Rituximab (RTX), an anti-CD20 monoclonal antibody and B-cell depleting agent, has emerged as a new therapeutic agent for AAV. RITUXVAS is a multicenter RCT in which newly diagnosed AAV patients with renal disease were randomized to receive ivCYC for 3–6 months, or RTX weekly for 4 weeks plus ivCYC with the first and third RTX infusion. All patients received 1 g of methylprednisolone followed by a tapering course of oral corticosteroids, with reduction to 5 mg by 6 months [15]. The primary outcome was rates of sustained remission (BVAS of 0 for at least 6 months) and rates of serious adverse events (AEs) at 12 months. The RTX-based induction regimen was not superior to ivCYC. The long-term follow-up study also reported no difference in disease remission, AEs, or mortality [16].

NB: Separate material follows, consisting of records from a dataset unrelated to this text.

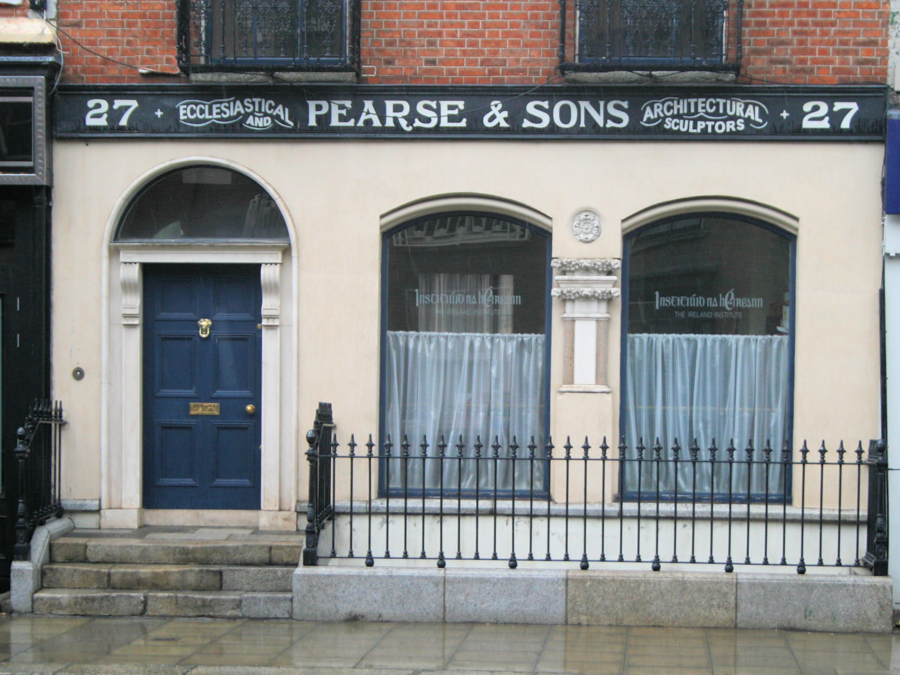 27 Pearse Street (formerly Great Brunswick Street), Dublin, the birthplace of Patrick and William Pearse, who were executed for their role in the Easter Rising of 1916. The facade was restored in the 1990s.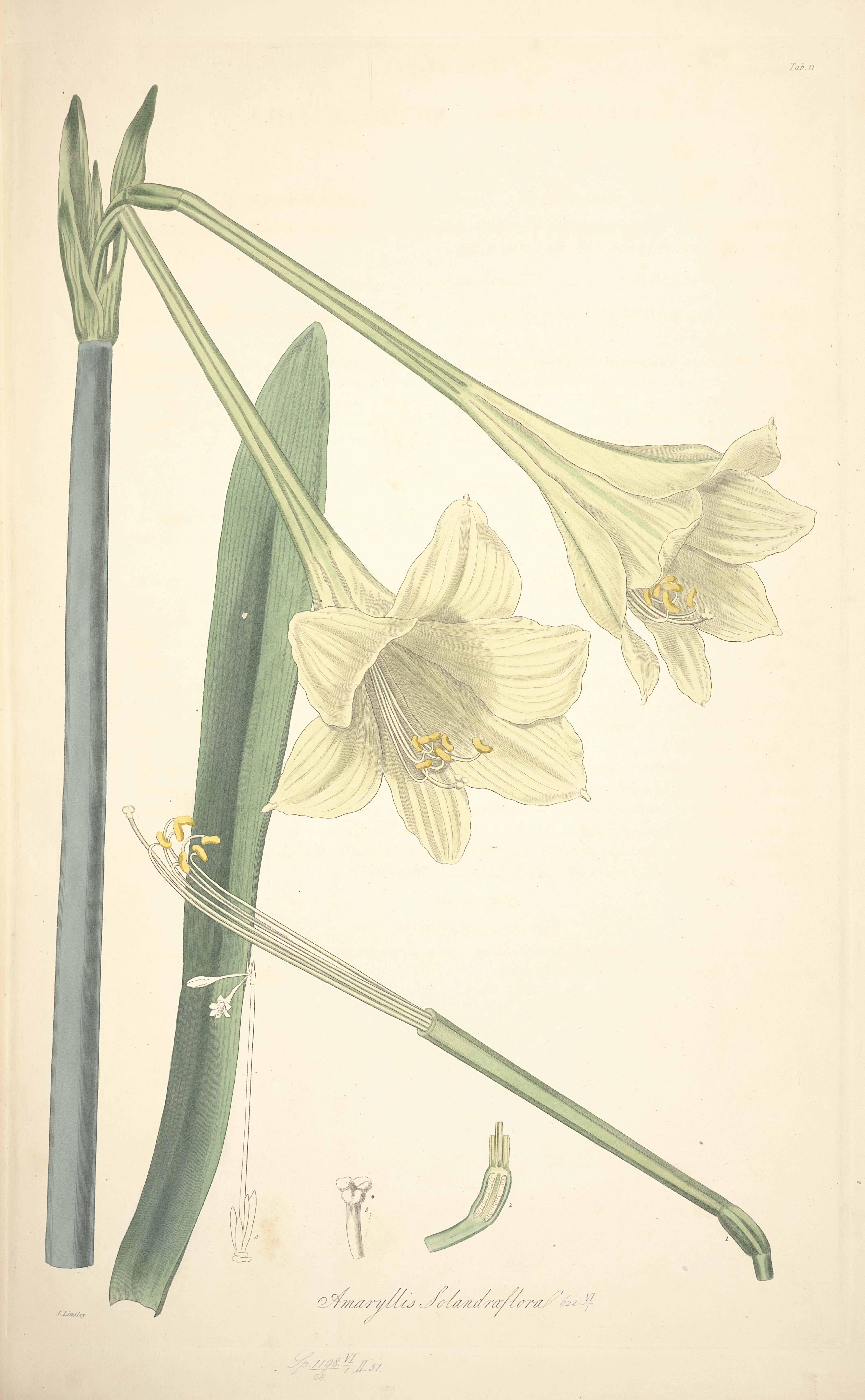 Illustration from John Lindley's "Collectanea botanica or, figures and botanical illustrations of rare and curious exotic plants" Trizeuxis Falcata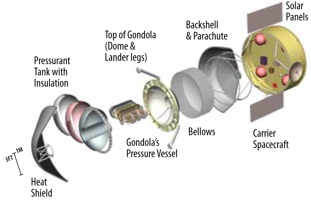 Venus mobile explorer spacecraft : exploded view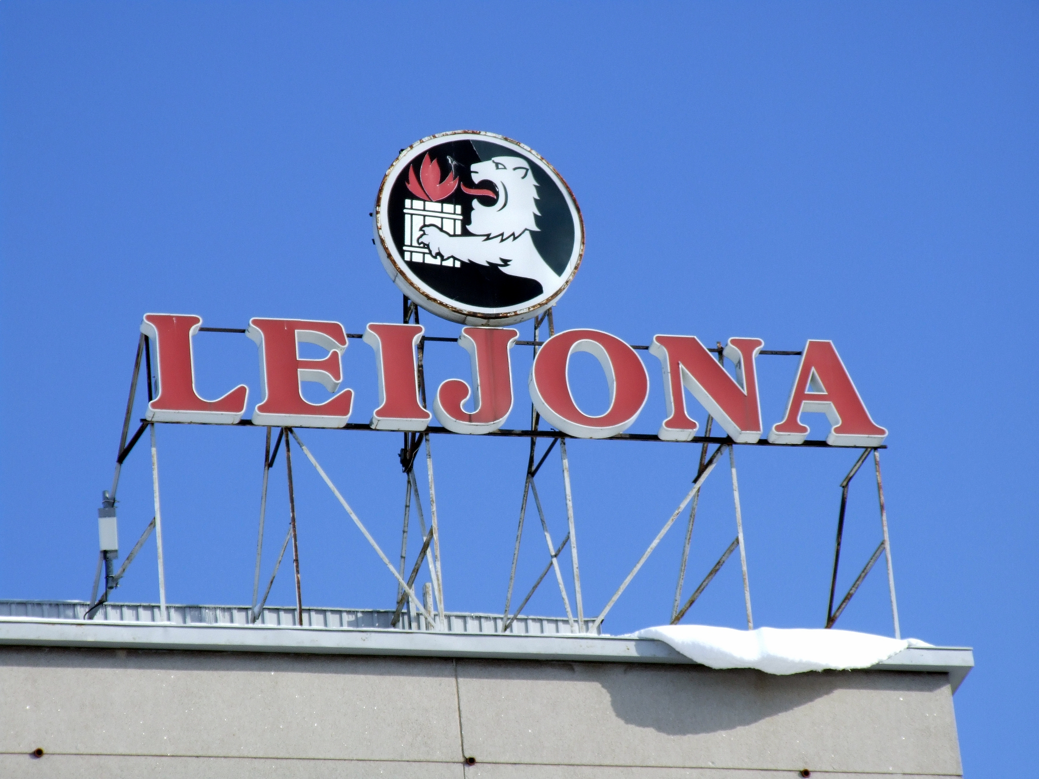 The neon sign of the Leijona tar-flavoured pastille in Tuira, Oulu, Finland in Aprlin 2006. The sign has been under repair since September 2008.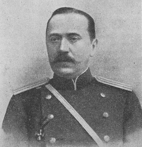 Photo of colonel of Russian Empire Zamyatnin, which was killed in 1906 due to attempt of Stolypin assasination.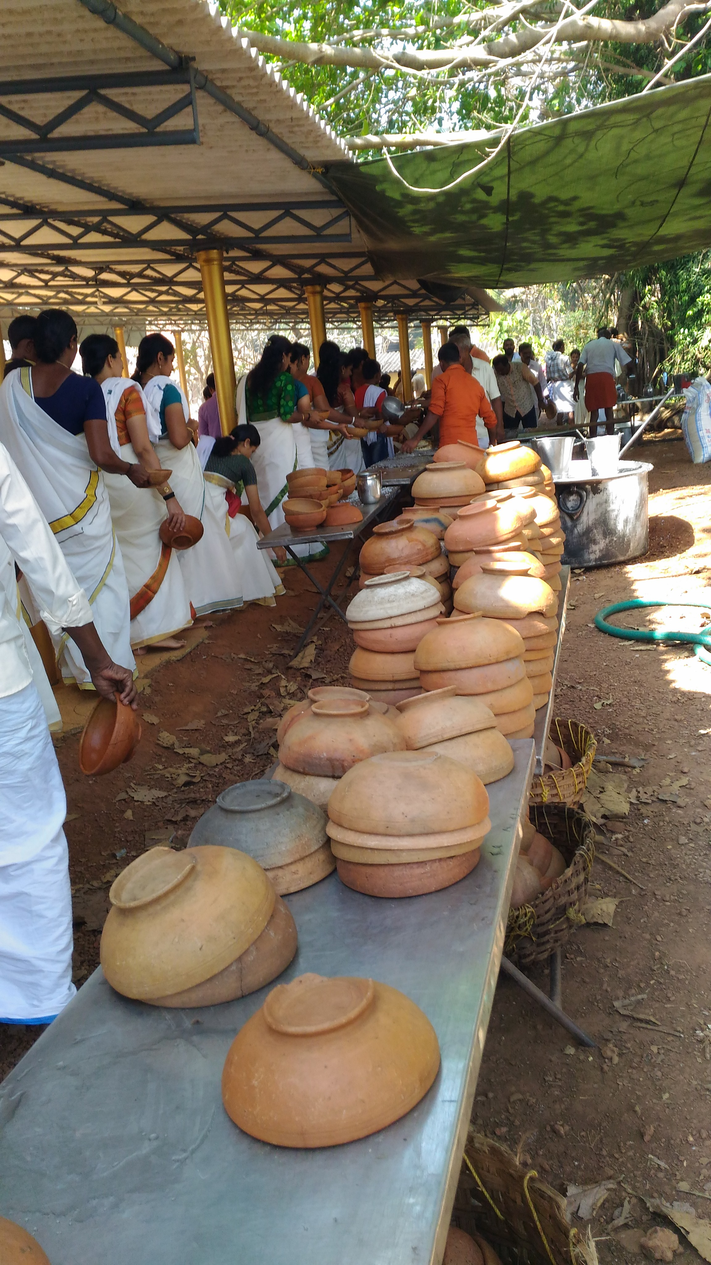 Earthenware bowl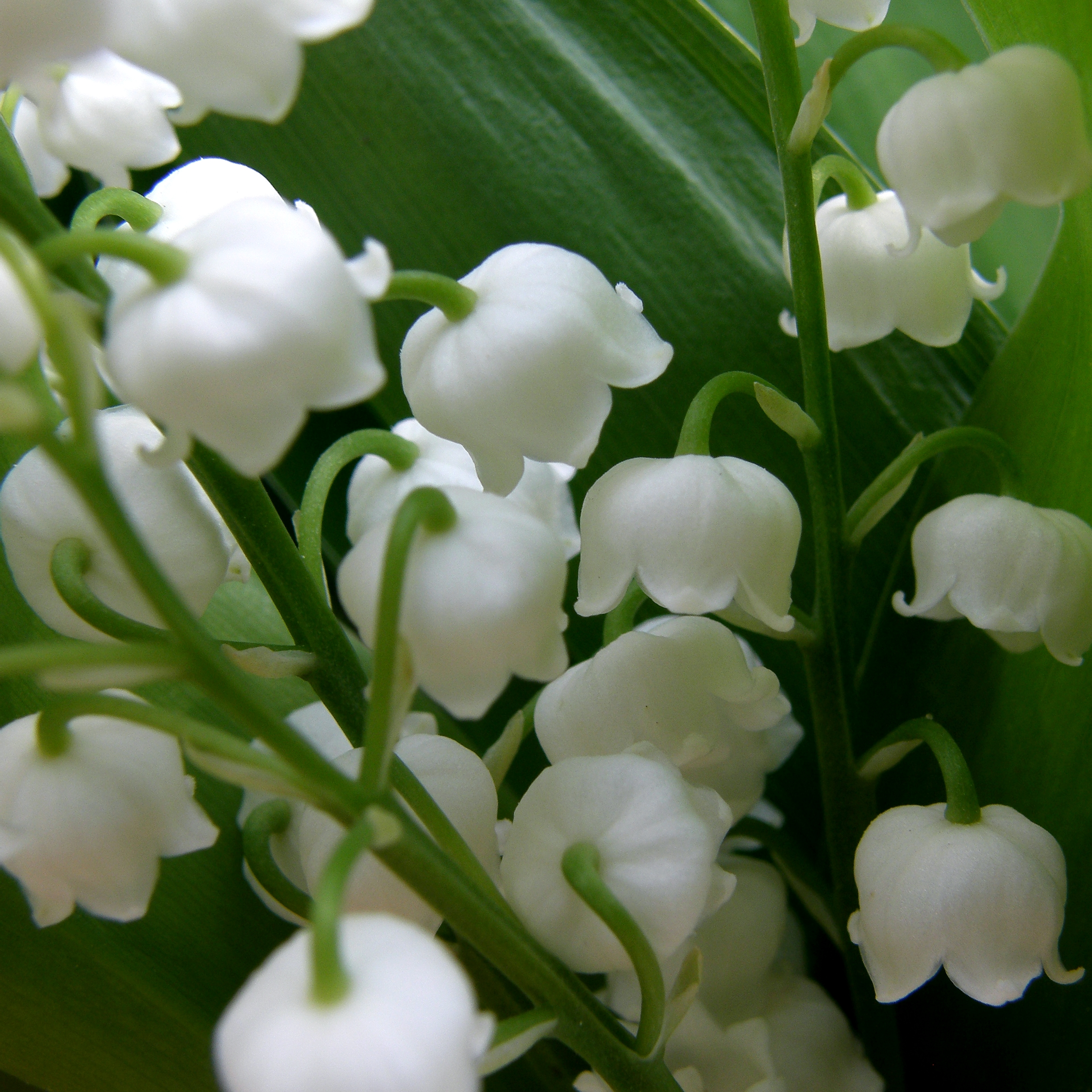 lily of the valley Convallaria majalis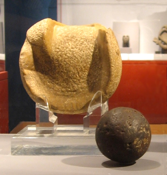 A solid rubber ball used or similar to those used in the Mesoamerican ballgame, from Kaminaljuyu, 300 BC to 250 AD. With a manopla, or handstone, used to strike the ball, also from Kaminaljuyu, 900 BC to 250 AD. The ball is 3 inches (almost 8 cm) in diameter, a size that suggests it was used to play a hand ball. A mitten-shaped space has been carved out for the player's hand. The handstone was probably strapped in place. The far side of the stone is worn nearly smooth where it struck the ball, putting spin on it. Traces of rubber still adhere to the surface.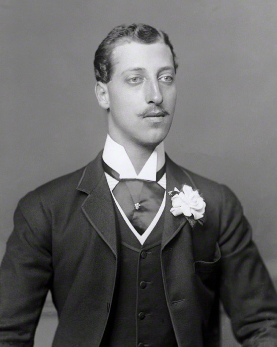 Portrait of Prince Albert Victor of Wales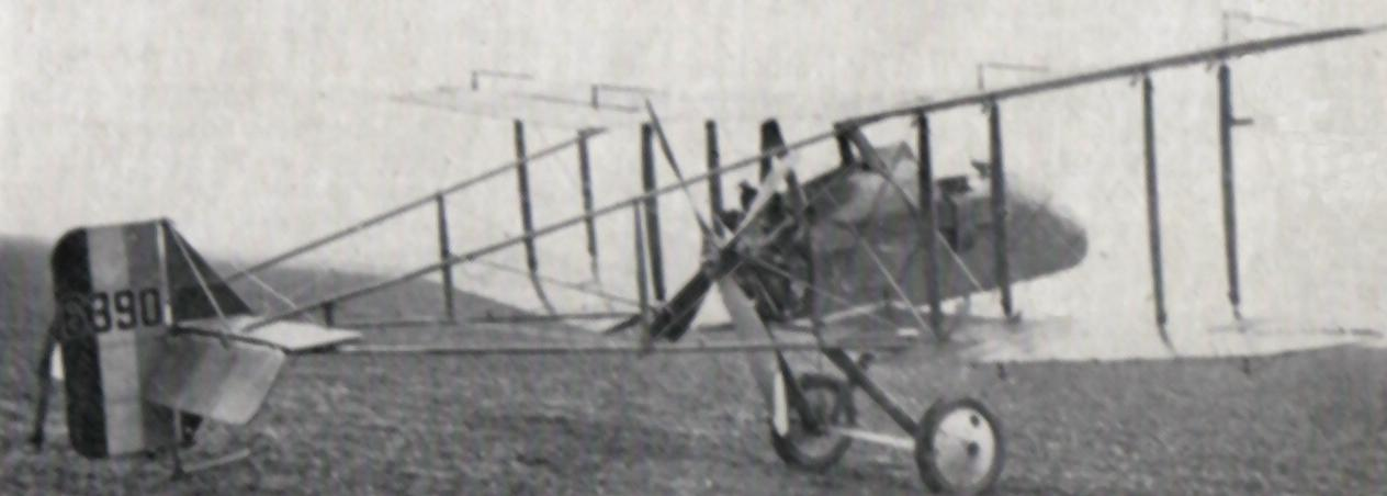 Royal Aircraft Factory F.E.8

The RAVE (Rituximab in ANCA-Associated Vasculitis) trial evaluated RTX in comparison to poCYC utilizing a non-inferiority trial design [17]. This trial differed from the RITUXVAS trial in that the participants of the RAVE trial were younger with less severe renal disease. Furthermore, the comparator agent was oral as opposed to intravenous CYC. The ambitious primary outcome was to achieve disease remission (BVAS of 0) off corticosteroids by 6 months. Both groups had similar corticosteroid regimens. Sixty-four percent of patients in the RTX group had disease remission in comparison to 53% in the poCYC group. This result met the definition for non-inferiority. However, remission rates were overall lower in comparison to other studies, possibly attributable to the earlier discontinuation of corticosteroids. In subsequent analyses, subgroups of patients with either relapsing disease at baseline or those with anti-PR3 positivity achieved higher response rates with RTX when compared to CYC. A long-term follow-up of the RAVE cohort showed that in patients with severe AAV without organ failure, RTX regimen was equivalent to CYC in maintaining disease remission after 18 months [18].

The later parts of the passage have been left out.